According to Song Jian, vice-chairman of the National Committee of the Chinese Peoples Political Consultative Conference, China has become the worlds leading producer of fruits and vegetables. Statistics show, said Jian, that in 2000 Chinas fruit growing area and production reached 8.67 million hectares and 62.37 million tons, accounting for 18 percent and 13 percent of the world total respectively. Chinas vegetable growing area and production amounted to 14.67 million hectares and 440 million tons, accounting for 35 percent and 66 percent of the world total respectively.
According to MarketResearch.com, in its recently published report The U.S. Market for Bottled and Enhanced Water, bottled water consumption in the U.S. reached 5 billion gallons in 2000, suggesting that by 2004 bottled water will replace coffee and tea as the second largest beverage product category behind soft drinks.

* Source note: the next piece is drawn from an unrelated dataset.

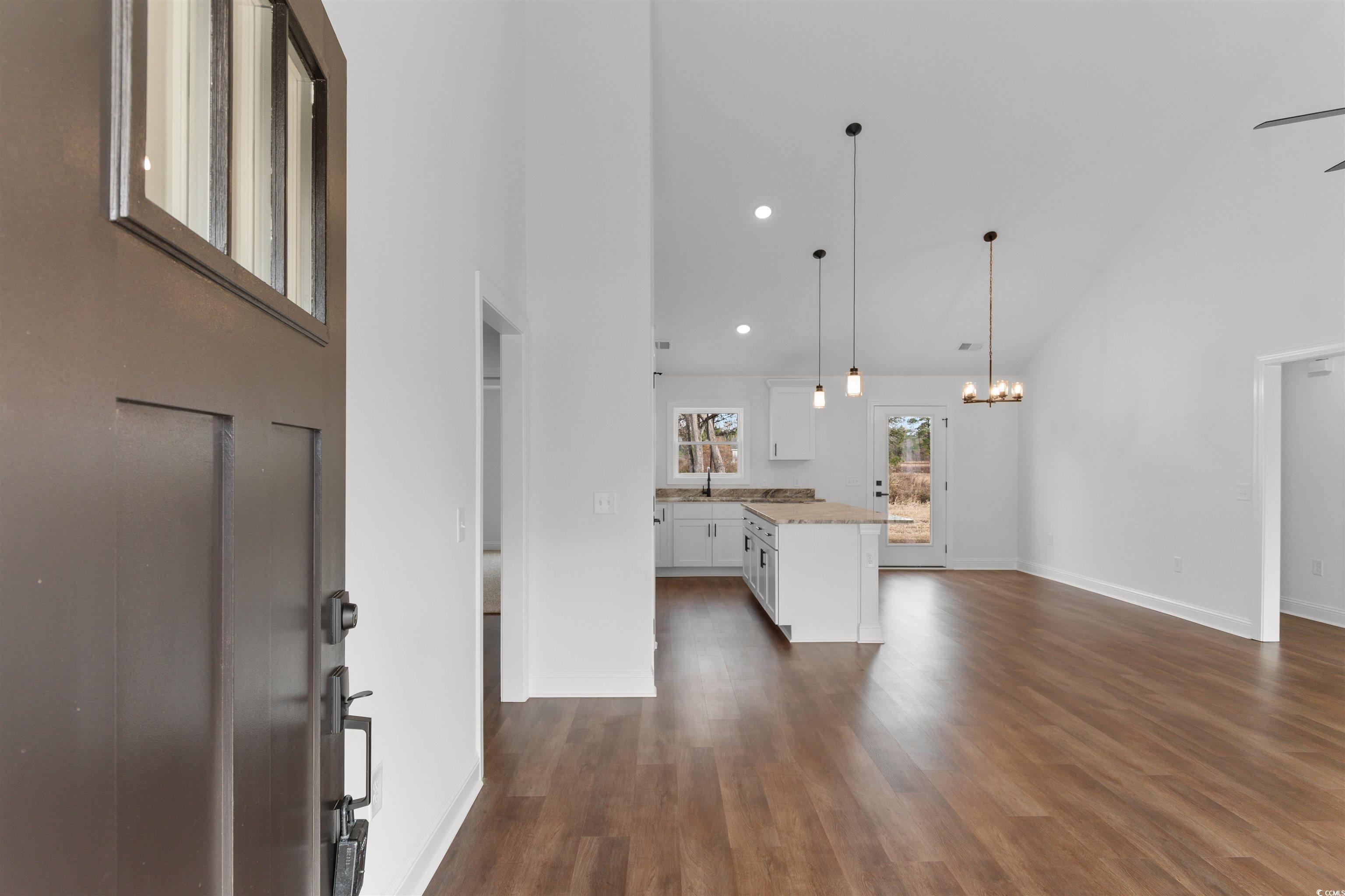 Move-in ready new construction offering peaceful country living just minutes from Downtown Conway. Situated on a full 1.00 acre with no HOA, this thoughtfully designed home provides space, flexibility, and convenience. The open split-bedroom floor plan features three bedrooms plus a dedicated flex room ideal for a home office, nursery, craft room, or optional fourth bedroom (non-conforming—no closet). A welcoming Lowcountry front porch sets the tone for relaxed living, while the interior showcases a spacious living room with a cathedral ceiling and ceiling fan, an open dining area with access to the rear patio, and a well-appointed kitchen. The kitchen offers abundant cabinetry, granite countertops, a breakfast bar, pantry closet, and stainless steel appliances including microwave, dishwasher, and range. The private owner’s suite features a tray ceiling with fan, walk-in closet, double vanity sinks, walk-in shower, and a garden tub. Additional highlights include a finished and painted 2-car garage with electric opener and pull-down attic storage, waterproof wood-look luxury vinyl plank flooring throughout the main living areas, carpeted bedrooms, smooth ceilings, and 30-year architectural shingles. Enjoy quiet, friendly small-town living with an easy commute to Myrtle Beach and coastal attractions.

According to the FDAs 2001 domestic produce microbiological sampling survey results, of the total 959 produce samples collected and analyzed from May through December 2001, only 12 items tested positive for either Salmonella or Shigella; 98.7 percent of all samples indicated no contamination whatsoever. The eight commodities tested included cantaloupe, celery, cilantro, green onions, lettuce, parsley, strawberries, and tomatoes. None of the celery, strawberry and tomato samples tested positive for pathogens.